# Simple equality help e^(-ix)

1. Sep 20, 2015

### RJLiberator

1. The problem statement, all variables and given/known data
Very simple problem I'm having:

The problem is: Show 1/e^(ix) = e^(-ix)

2. Relevant equations
* is the complex conjugate.
e^(ix) = cos(x)+isin(x)

3. The attempt at a solution
RHS = $e^{-ix} = e^{ix^*} = (cos(x)+isin(x))^* = cos(x)-isin(x)$

LHS = $\frac{1}{e^{ix}} = \frac {1}{cos(x)+isin(x)} = cos(x)-isin(x)$

My question:
1) How does the LHS go from 1/(cos(x)+isin(x)) to cos(x)-isin(x)? I assume there is some trig property involved here?
2) Is it safe to state that e^(-ix)=e^(ix)* where * is the complex conjugate? Do I need to really prove anything here?

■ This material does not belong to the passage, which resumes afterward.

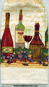New Vineyard is the name of this hanging kitchen hand towel featuring 5 wine bottles in different colors and shapes. On the table are clusters of red and purple grapes along with a couple of corks. In the background are rows of the names of all types of wine. It is a 100% cotton terry towel with a hand crocheted Ivory color acrylic yarn top. Return to Printed Towels page 4
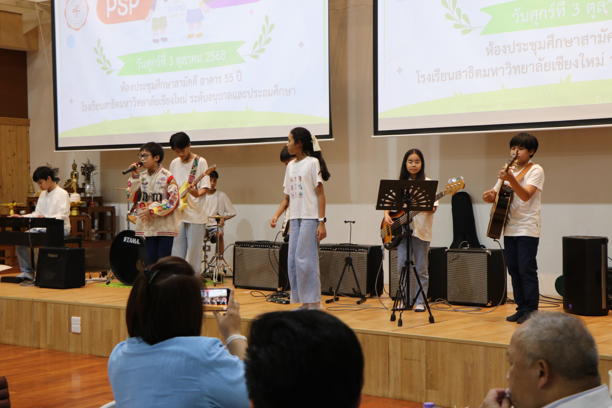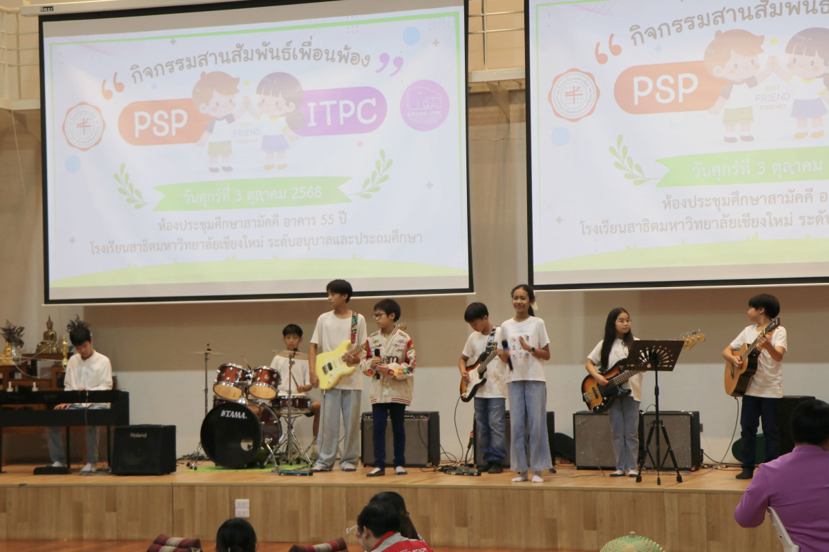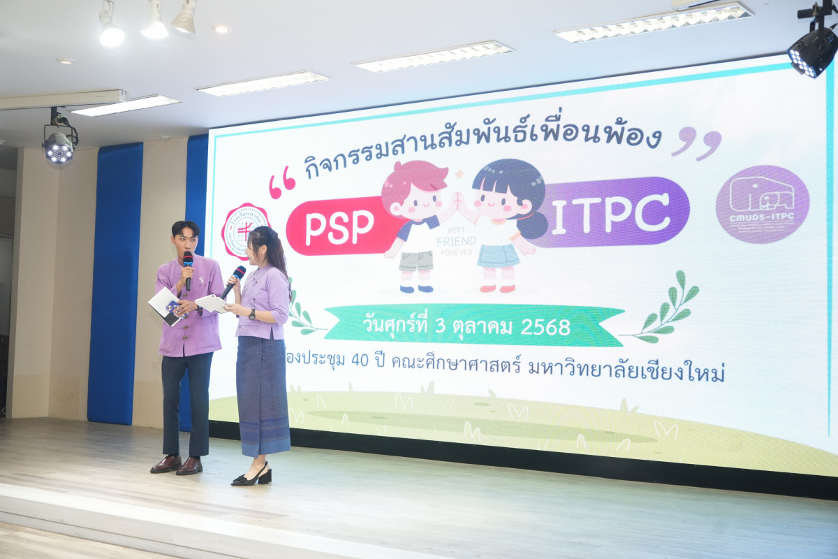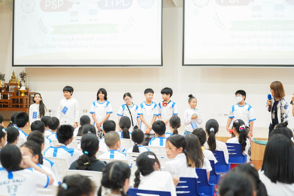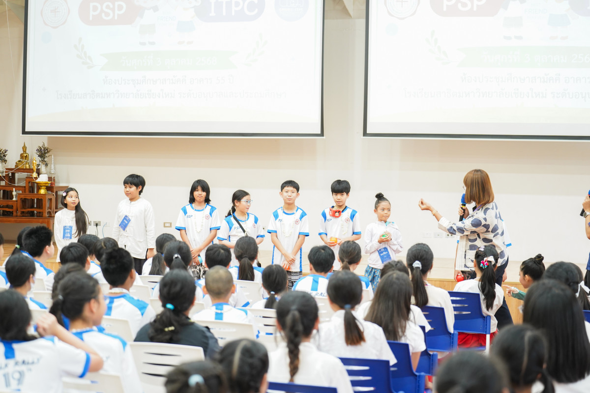 เมื่อวันที่ 3 ตุลาคม 2568 โรงเรียนสาธิตมหาวิทยาลัยเชียงใหม่ ระดับอนุบาลและประถมศึกษา ให้การต้อนรับผู้บริหาร คณาจารย์ และนักเรียนจากโรงเรียนสาธิตมหาวิทยาลัยศรีนครินทรวิโรฒ ประสานมิตร (ฝ่ายประถม) นำโดยอาจารย์ ดร.มิ่ง เทพครเมือง รองผู้อำนวยการฝ่ายกิจการนักเรียน และอาจารย์ประเสริฐ ขำดำ รองผู้อำนวยการฝ่ายพัฒนากายภาพ โดยมีผู้ช่วยศาสตราจารย์ ดร.ทิพย์รัตน์ นพฤทธิ์ คณบดีคณะศึกษาศาสตร์ รองศาสตราจารย์ ดร.สมเกียรติ อินทสิงห์ ผู้อำนวยการโรงเรียนสาธิตมหาวิทยาลัยเชียงใหม่ และอาจารย์ไชยรัตน์ นิติกาญจนโภคิน รองผู้อำนวยการโรงเรียนสาธิตมหาวิทยาลัยเชียงใหม่ พร้อมด้วยคณาจารย์และนักเรียนอาสาสมัครร่วมให้การต้อนรับ เพื่อร่วมทำกิจกรรม “สานสัมพันธ์เพื่อนพ้อง PSP-ITPC” โดยมีวัตถุประสงค์แลกเปลี่ยนวัฒนธรรมท้องถิ่นและสานสัมพันธ์ฉันท์มิตรในเครือโรงเรียนสาธิตร่วมกัน ณ โรงเรียนสาธิตมหาวิทยาลัยเชียงใหม่ ระดับอนุบาลและประถมศึกษา

Last edited by a moderator: Sep 21, 2015
2. Sep 20, 2015

### Ray Vickson

For real $a$ and $b$, do you know how to express $1/(a + ib)$ as $A + iB$, where $A,B$ are also real?

3. Sep 20, 2015

### RJLiberator

BOOM.

There it is. The connection.

We multiply numerator and denominator by the complex conjugate to see
cos(x)-isin(x) over cos^2(x)+sin^2(x) which we know by trig is just the numerator.

That iss Q1 cleared.

4. Sep 20, 2015

### Anama Skout

1. That's because $$\frac{1}{\cos x+i\sin x}=\frac{\cos x-i\sin x}{(\cos x +i\sin x)(\cos x-i\sin x)}=\ldots$$ Then use the Pythagorean identity.
2. I would say: it isn't safe.

5. Sep 20, 2015

### MrAnchovy

$$e^{-ix} = e^{(ix)(-1)} = (e^{ix})^{-1} = \frac 1{e^{ix}}$$

6. Sep 20, 2015

### RJLiberator

Ah, Q2) isn't too hard to prove as well.

e^(-ix) = cos(-x)+isin(-x) = cos(x)-isin(x).

This is complete now.

Kind regards for your words of motivation.

7. Sep 21, 2015

### HallsofIvy

I don't see any reason to change to the trig form $\left(e^{-ix}\right)\left(e^{ix}\right)= e^{I(x- x)}= e^0= 1$ is sufficient to prove that $e^{ix}$ is the multiplicative inverse of $e^{ix}$.